Is it really a good idea to have T.O. and Ochocinco on the same team... They had to make the lockerroom twice the size just for their big heads and monster egos to fit.

GO PACK GO


----------



## Lurker (Aug 10, 2010)

Not until the Phillies finish up the Yankees or maybe the Sox or better yet the Rays again. But we really want the Yanks. Then it'll be the Eagles.


----------



## JohnT (Aug 11, 2010)

Lurker said:


> Not until the Phillies finish up the Yankees or maybe the Sox or better yet the Rays again. But we really want the Yanks. Then it'll be the Eagles.

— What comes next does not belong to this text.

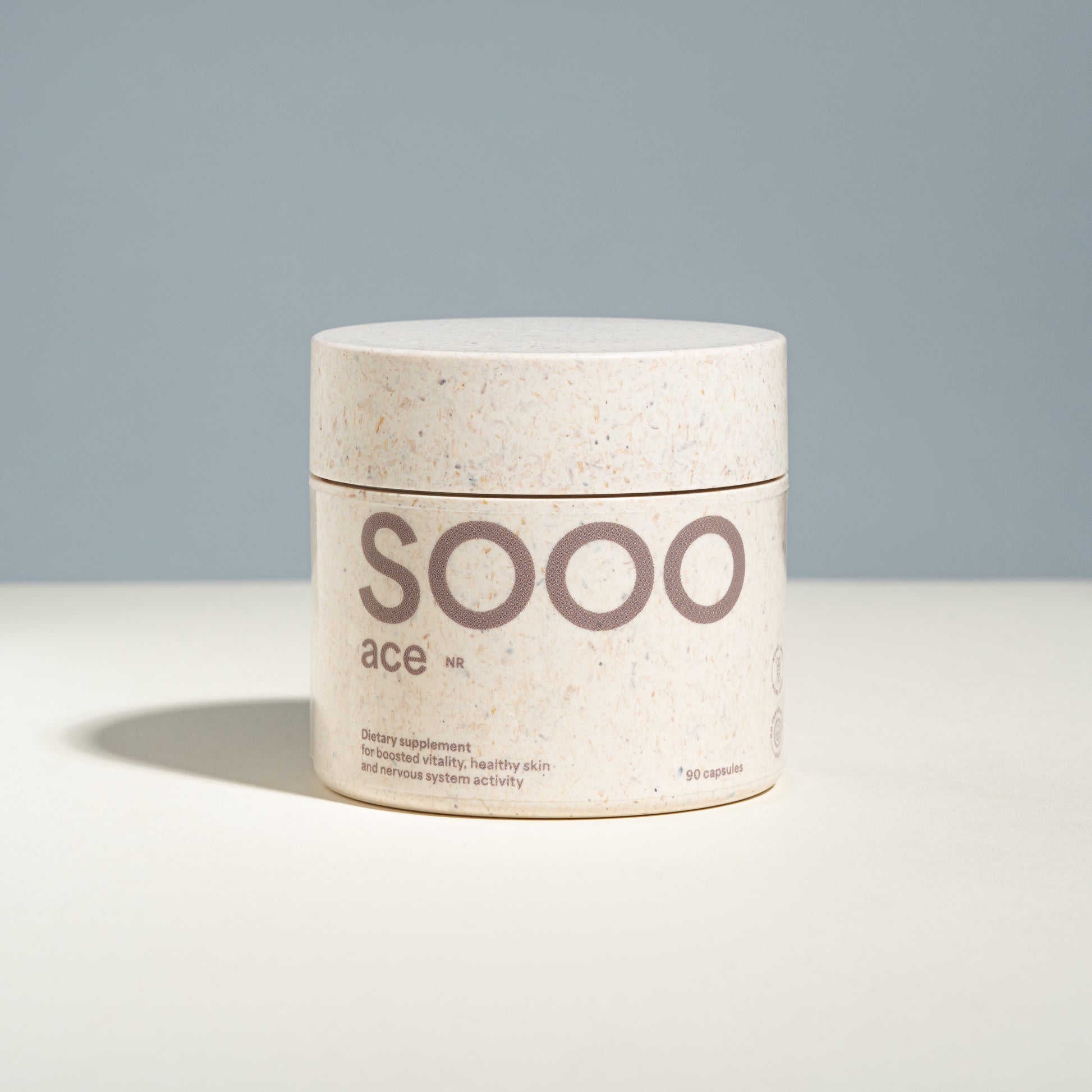 SOOO ace sudėtyje yra 300 mg nikotinamido ribosido (NR), kuris suteikia 120 mg niacino – svarbios maistinės medžiagos, padedančios kūnui paversti maistą energija, palaikančia ląstelių energijos procesus. Niacinas dalyvauja NAD (nikotinamido adenino dinukleotido) gamyboje – molekulės, būtinos ląstelių energijai, įskaitant ATP gamybą. Niacinas taip pat mažina nuovargį, palaiko sveiką nervų sistemą ir skatina lygią, sveiką odą. Sukurtas su 99,89 % grynumu, SOOO ace yra kasdienis energijos, dėmesio ir bendros gyvybingumo sąjungininkas.

EAGLES??!! Traitor!. You live in NJ!!! Giants play in your home state!


----------



## Lurker (Aug 11, 2010)

Phila, born & raised. Besides, there's no such team as the Jersey Giants. They're just a bunch of wannabees.
JohnT are you embarrased to show where you live.


----------



## JohnT (Aug 11, 2010)

Lurker: 
Facts.. 

1) The NJ Giants have been playing in East Rutherford for over 30 years. 
2) There summer training camp used to be at my old alma mater (FDU - Madison, nj) 
3) They have just completed building a new stadium in .. NJ 

** They ARE the NJ Giants! They simply have not gotten around to changing the name. 


I live in Chester (about 15 miles west of Morristown)


----------



## seth8530 (Aug 16, 2010)

Im waiting for September 4th which is the start of the UT football season, ive heard the student section is NUTS


----------